There are studies that reports of SCAD following antineoplastic agent too. Pavel Somov et al. [18] describes a case of multivessel (LAD and LCX) SCAD, which led to acute myocardial infarction in a 24- year-old man after a course of cisplatin chemotherapy for testicular cancer. Michael B Jorgensen et al. [13] reports a 39-year-old woman who was treated with 5-fluorouracil for cervical cancer and had an ST-segment elevation myocardial infarction. Angiography showed extensive stratification of the coronary vessels, which, according to the authors, was at least partially the result of 5-fluorouracil-induced vasospasm.
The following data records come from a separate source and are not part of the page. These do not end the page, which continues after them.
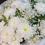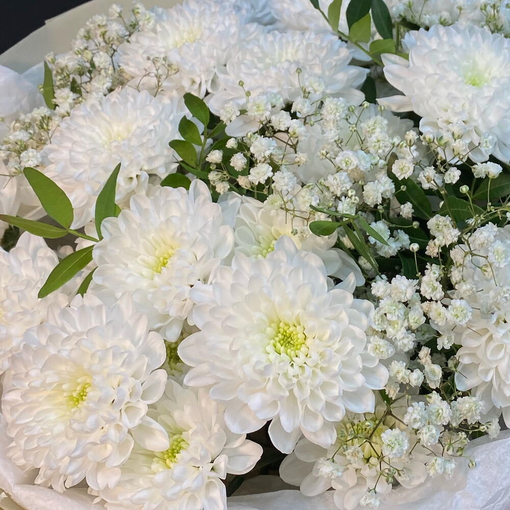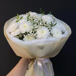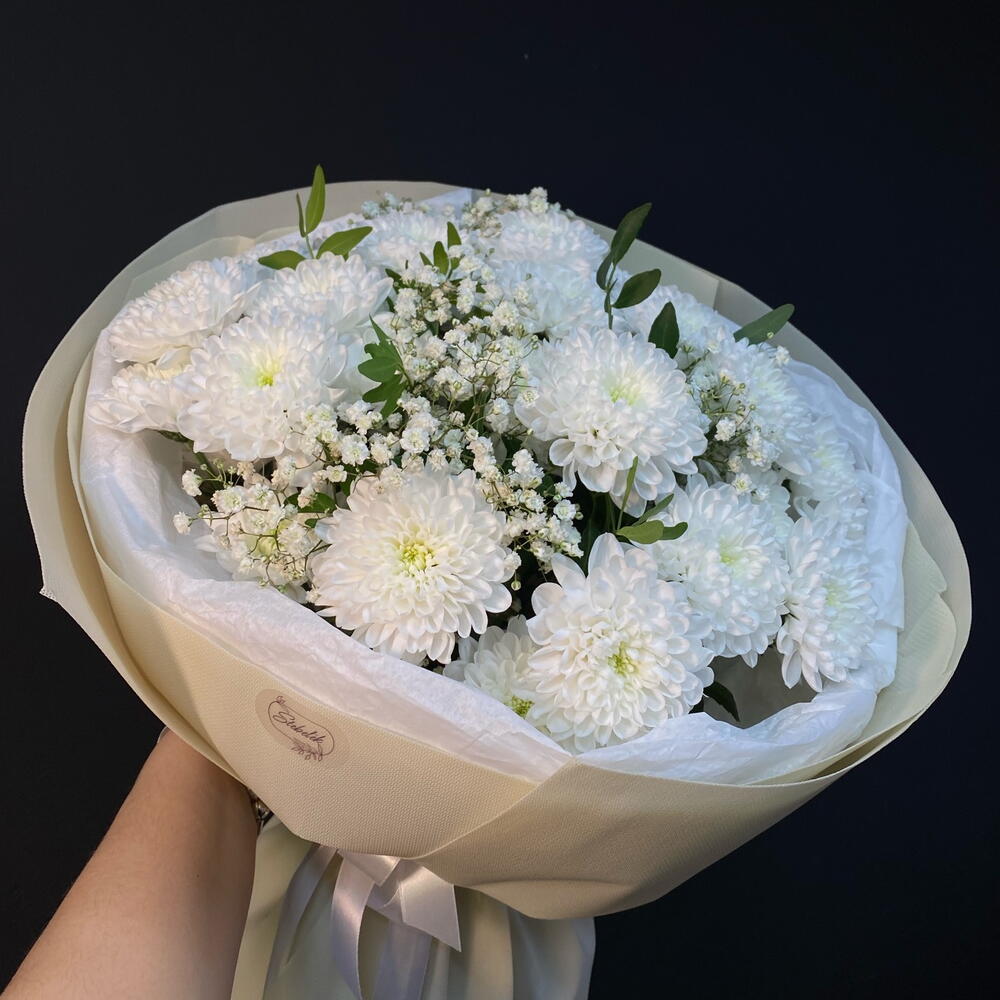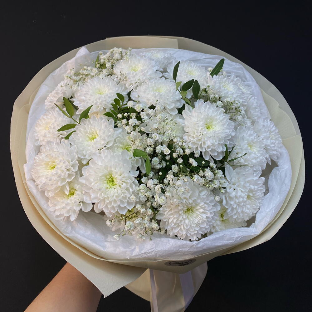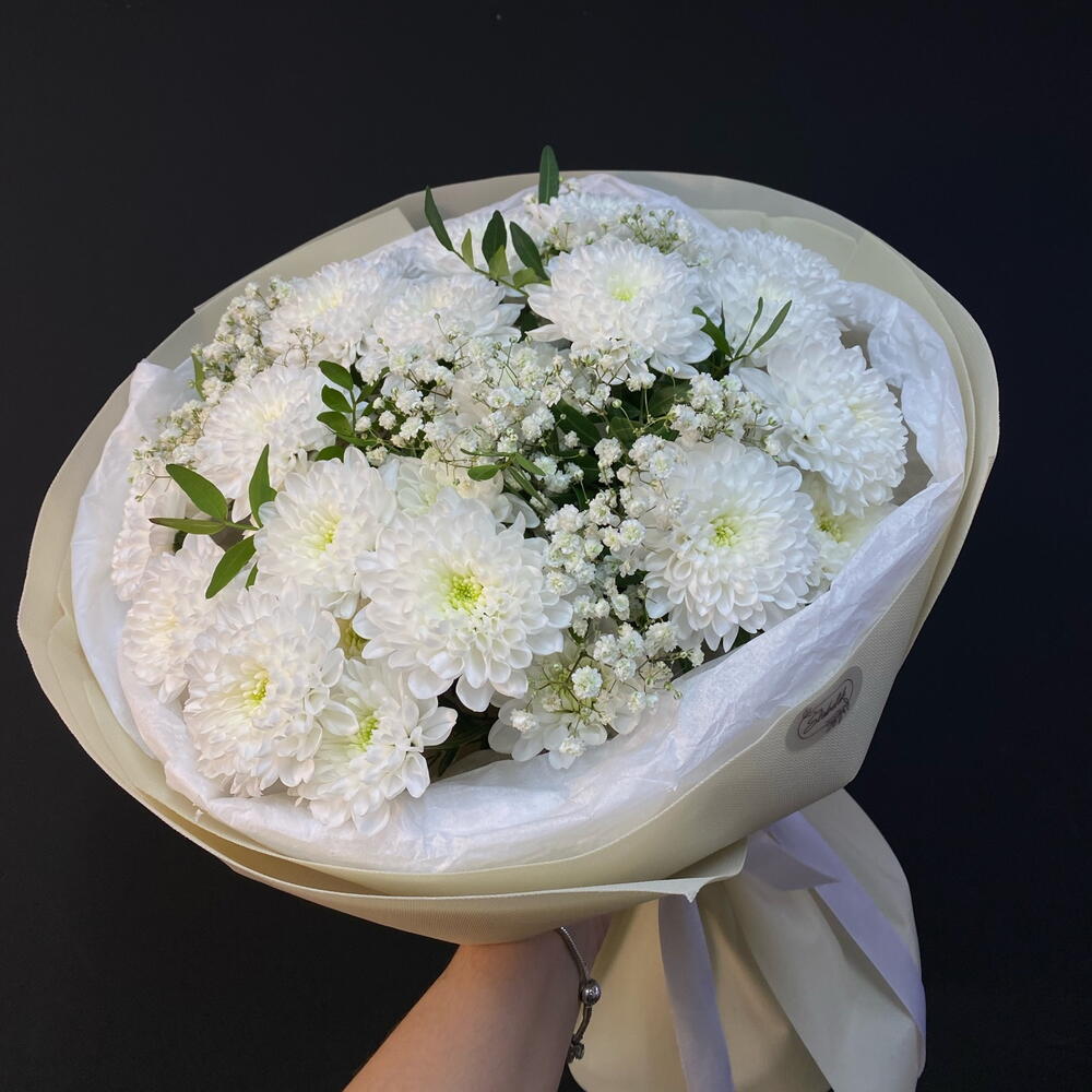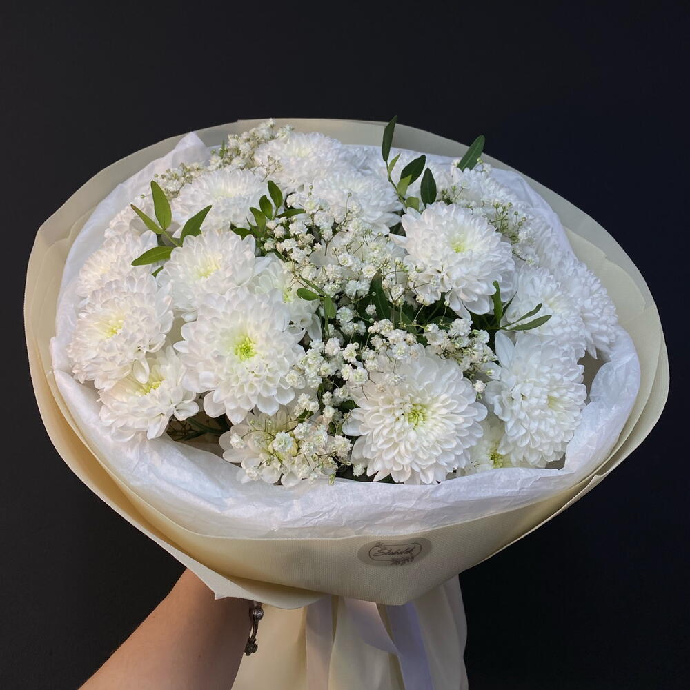 Гипсофила - 3 шт. Лента атласная - 2 шт. Упаковка дизайнерская - 4 шт. зелень фисташки - 3 шт. Хризантема кустовая Алтай - 5 шт.
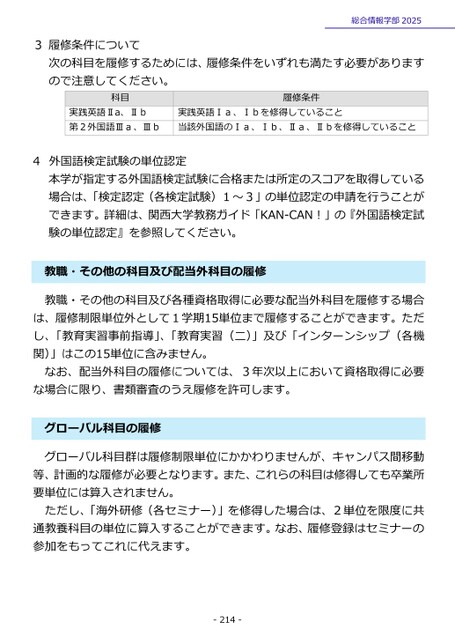 3履修条件について総合情報学部2025次の科目を履修するためには、履修条件をいずれも満たす必要がありますので注意してください。科目履修条件実践英語Ⅱa、Ⅱb第2外国語Ⅲa、Ⅲb実践英語Ⅰa、Ⅰbを修得していること当該外国語のⅠa、Ⅰb、Ⅱa、Ⅱbを修得していること外国語検定試験の単位認定本学が指定する外国語検定試験に合格または所定のスコアを取得している場合は、「検定認定(各検定試験)1~3」の単位認定の申請を行うことができます。詳細は、関西大学教務ガイド「KAN-CAN!」の『外国語検定試験の単位認定』を参照してください。4教職・その他の科目及び配当外科目の履修教職・その他の科目及び各種資格取得に必要な配当外科目を履修する場合は、履修制限単位外として1学期15単位まで履修することができます。ただし、「教育実習事前指導」、「教育実習(二)」及び「インターンシップ(各機関)」はこの15単位に含みません。なお、配当外科目の履修については、3年次以上において資格取得に必要な場合に限り、書類審査のうえ履修を許可します。グローバル科目の履修グローバル科目群は履修制限単位にかかわりませんが、キャンパス間移動等、計画的な履修が必要となります。また、これらの科目は修得しても卒業所要単位には算入されません。ただし、「海外研修(各セミナー)」を修得した場合は、2単位を限度に共通教養科目の単位に算入することができます。なお、履修登録はセミナーの参加をもってこれに代えます。-214-
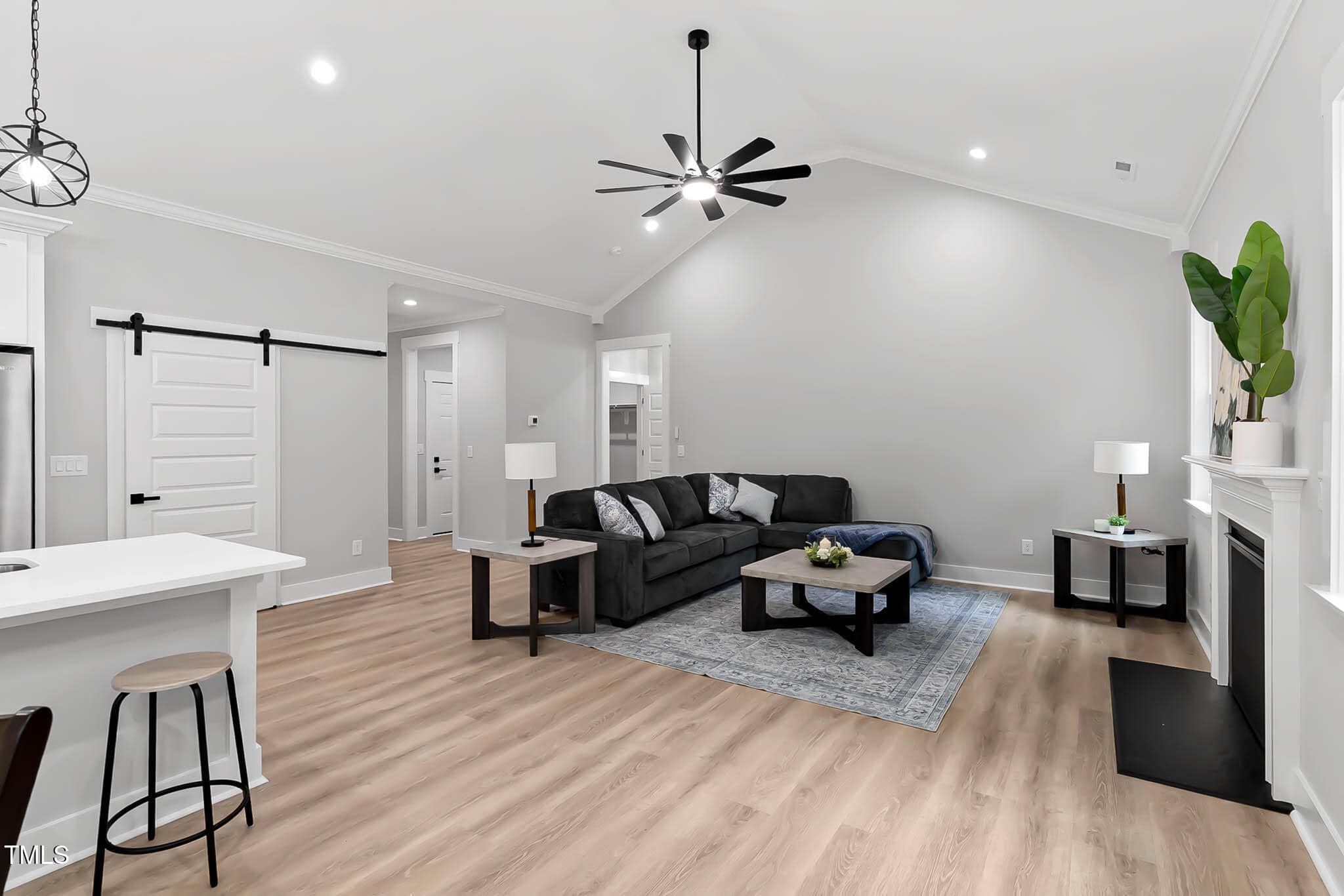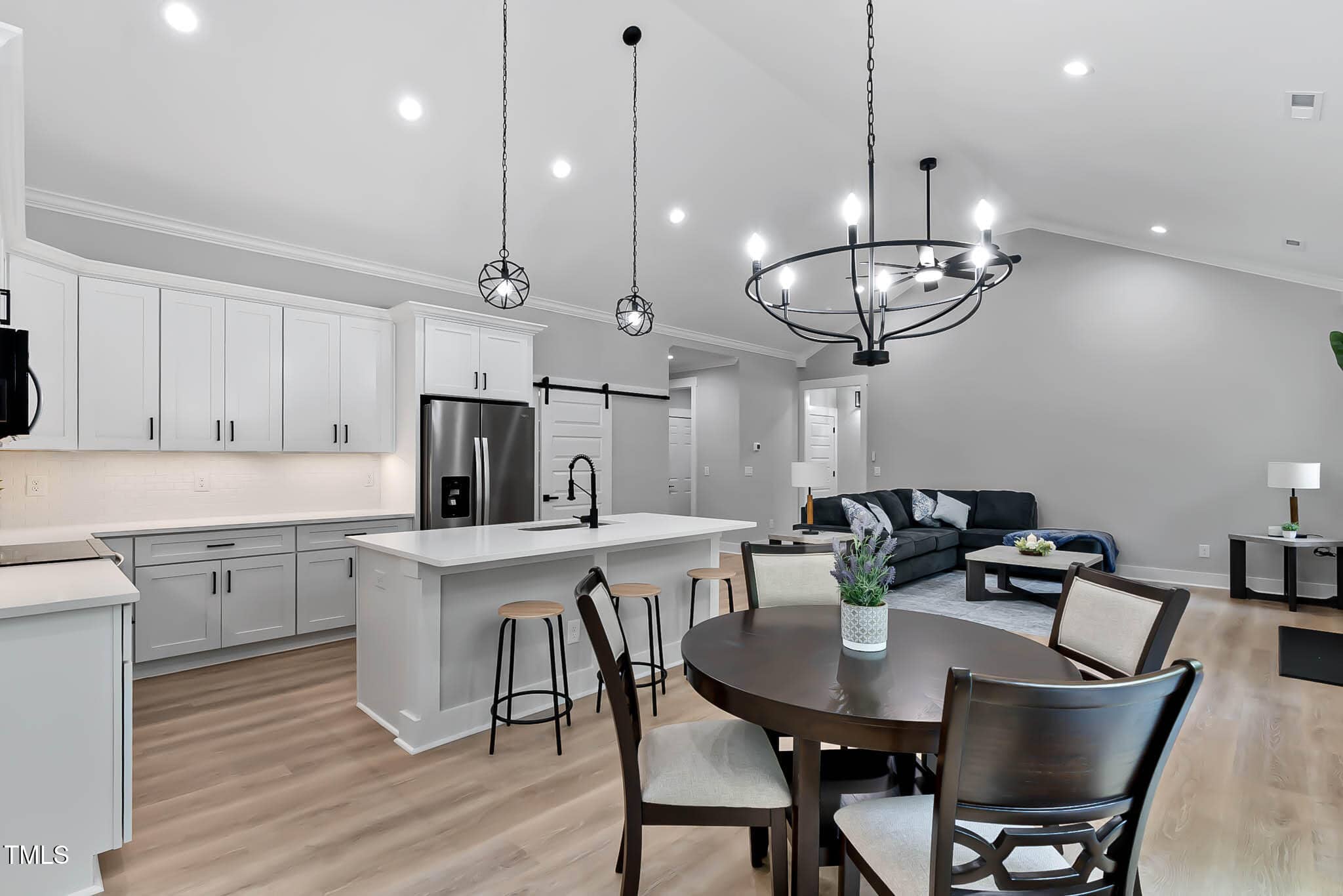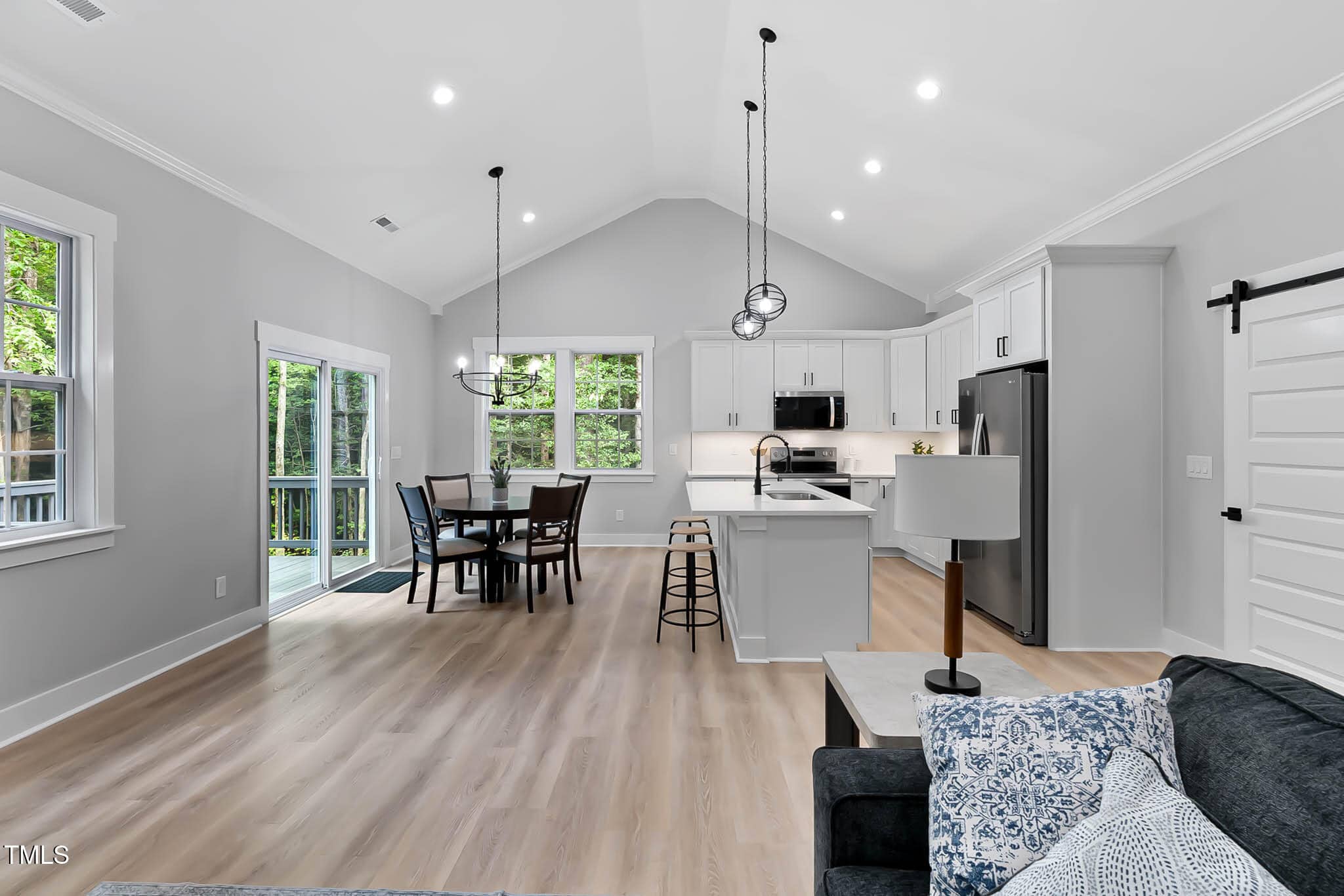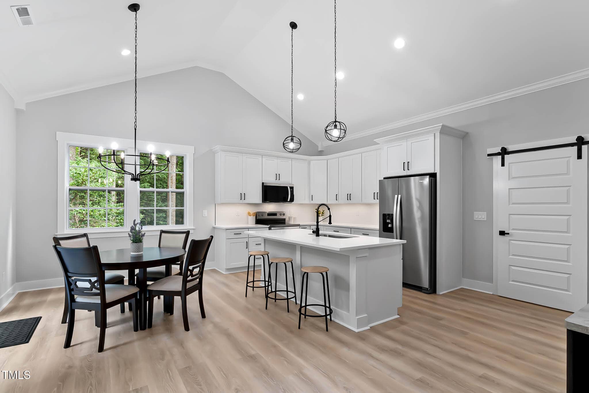 The splendid great room and casual dining room are central and bright, spacious concrete patio, and beautifully designed kitchen offering a large center island with breakfast bar, plenty of custom cabinetry, and barn style walk-in pantry. Kitchen package includes all stainless-steel appliances.

Another article on chemotherapy-induced arthropathy reports a case of SCAD in a 69-year-old man with colon adenocarcinoma who received four courses of chemotherapy (oxaliplatin, capecitabine) [19, 20]. The exact information about our patient’s chemotherapy regimen was not accessible.

Chest discomfort was the most common presenting symptom, as reported in 96% of patients. Less frequent symptoms include pain radiation to the arms or neck, nausea or vomiting, diaphoresis, dyspnea, and back pain. Although some of these presentation, like vomiting could be a presentation of acute MI, not a predisposing factor. In overall, 34% of SCAD patients had unstable clinical conditions such as (ongoing pain and/or ischemia or stuttering and/or recurrent that required medications for pain relief before arrival at the catheterization laboratory [6, 9].

Not only exact prevalence of SCAD is clear, accordingly, prevalence of asymptomatic SCAD is not clear too. There are scanty case reports of SCAD patients who were completely asymptomatic and the diagnosis of SCAD is made as an incidental finding months or years after its occurrence on coronary angiography or CT angiography. Habib A et al. [21] reports a 2 case of SCAD that were asymptomatic and patients diagnosis during evaluation before non-cardiac elective surgery.The first case was a 48-year-old woman was admitted to gynecological surgery base on her abnormal baseline ECG she was referred for an exercise echocardiogram which showed evidence of ischemia in the anteroapical wall and coronary angiography revealed a localized dissection in the proximal LAD. And the other case was A 40-year-old man with history of non-small cell lung cancer and was scheduled for surgical resection. Nuclear image showed a fixed perfusion defect in the apical septum, therefore underwent coronary angiography that showed an extensive dissection originating in the (LAD) and extending to the distal LAD and the diagonal branch. These patients had not known predisposing factor for SCAD.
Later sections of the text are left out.